I think you answered this for yourself, if this came out of your filter it needs changing badly.
Sorry can't say if it is bloom or bacterial matter.
If this had happened to me I would have completely disenfected the tank, new gravel and fully cycled before putting any fish in the tank.
To be safe,,,,Get your Danios into a hospital tank, clean, recycle your tank, renew your filter medium,,,,,,
Let me know how you get on.
Ray


----------



## fish monger (Dec 29, 2011)

It could be the stuff from the bad ornament and ammonia is probably part of the problem with the fish. I forgot.

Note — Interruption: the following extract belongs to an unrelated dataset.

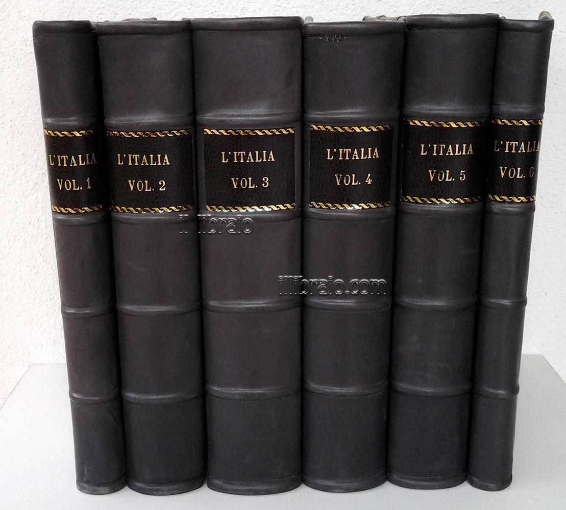 5 tomi in 6 voll.; in 8°; pp. pp. 4, VIII, 108; 4, 268; 269-376; VI, 368; (4), 320; (4), 328 (ill. in bn.); leg. in mezza pelle con nerzi e tasselli con titolo in oro al dorso; piatti marmorizzati; 1^ ed. italiana. Volume completo delle splendide 328 tavv. incise su acciaio f.t. (molte contenenti anche più di una illustrazione) di località, città, paesi, monumenti, scene e costumi eseguite da vari artisti (Haudebourt-Lescot, Horace Vernet, Granet, Isabey, Ciceri, Mazzara, Light, Batty, Cooke, Gell, Gandy, Pinelli, Ferrari, ecc.). Testo su due colonne. Tavola alfabetica generale in fine del V tomo. Questa monumentale opera, con aggiunte e correzioni rispetto a quella originale francese, ricca di preziose informazioni storiche e topografiche e ispirata alle impressioni e alle ricerche di alcuni dei massimi scrittori del XIX secolo, amanti e visitatori dell'Italia: Goethe, Chateaubriand, Lamartine, Vivant Denon, Richard de Saint Non, Byron, Swinburne, ecc. Tomo I: Gran Ducato di Toscana - Tomo II: Regno di Napoli, Sicilia e Malta - Tomo III: Roma - Tomo IV: Regno Lombardo Veneto, Canton Ticino, ducati di Parma, Modena e Lucca e Corsica - Tomo V: Regno di Sardegna. (cfr. Cremonini, nn. 121-122. Menichelli, n. 846. Fossati-Bellani, I, nn. 522-525. Olschki, "Choix", 1108: "Ouvrage monumental qui conservera toujours une grande valeur"). (fioriture diffuse - buon esemplare)

Do you have live plants in that tank ?


----------



## silvershark (Nov 30, 2012)

yes i do have live plants , wisteria cabomba amazon swords and anacharis


----------



## silvershark (Nov 30, 2012)

hi ray
i have put my filter back to the slower B position and the water has cleared up, can i not just clean the filter ? and start the cycle again ?


----------



## willow (Sep 9, 2006)

hi
can you not just gently rinse the filter out in water from the tank
on water change day ?


----------



## fish monger (Dec 29, 2011)

If slowing down the filter caused the water to clear, it sounds to me like it was blowing something around.


----------



## willow (Sep 9, 2006)

i'm not familiar with the filter OP is operating,could it not house
some fine filter wool ?


----------



## silvershark (Nov 30, 2012)

it looks as though the filter has cleaned the tank pretty good in the last 1/2 hour so why does it spit out these particles when i put it on full power ? will i be able to clean the filter and start the cycle again ? or can i partially clean the filter and keep the cycle going ?


----------



## fish monger (Dec 29, 2011)

willow said:


> i'm not familiar with the filter OP is operating,could it not house
> some fine filter wool ?


I'm sure it could and your suggestion concerning gently cleaning the filter media at water change time is a good one. I would continue on the current course and do either more frequent or larger water changes to get that ammonia down.


----------



## willow (Sep 9, 2006)

do you have to actually run it on a higher speed ?
just rinse it out,rather than start again,you'll find bacteria grows
on all surfaces not just in the filter,so don't worry to much over it.


----------



## silvershark (Nov 30, 2012)

fish monger said:


> I'm sure it could and your suggestion concerning gently cleaning the filter media at water change time is a good one. I would continue on the current course and do either more frequent or larger water changes to get that ammonia down.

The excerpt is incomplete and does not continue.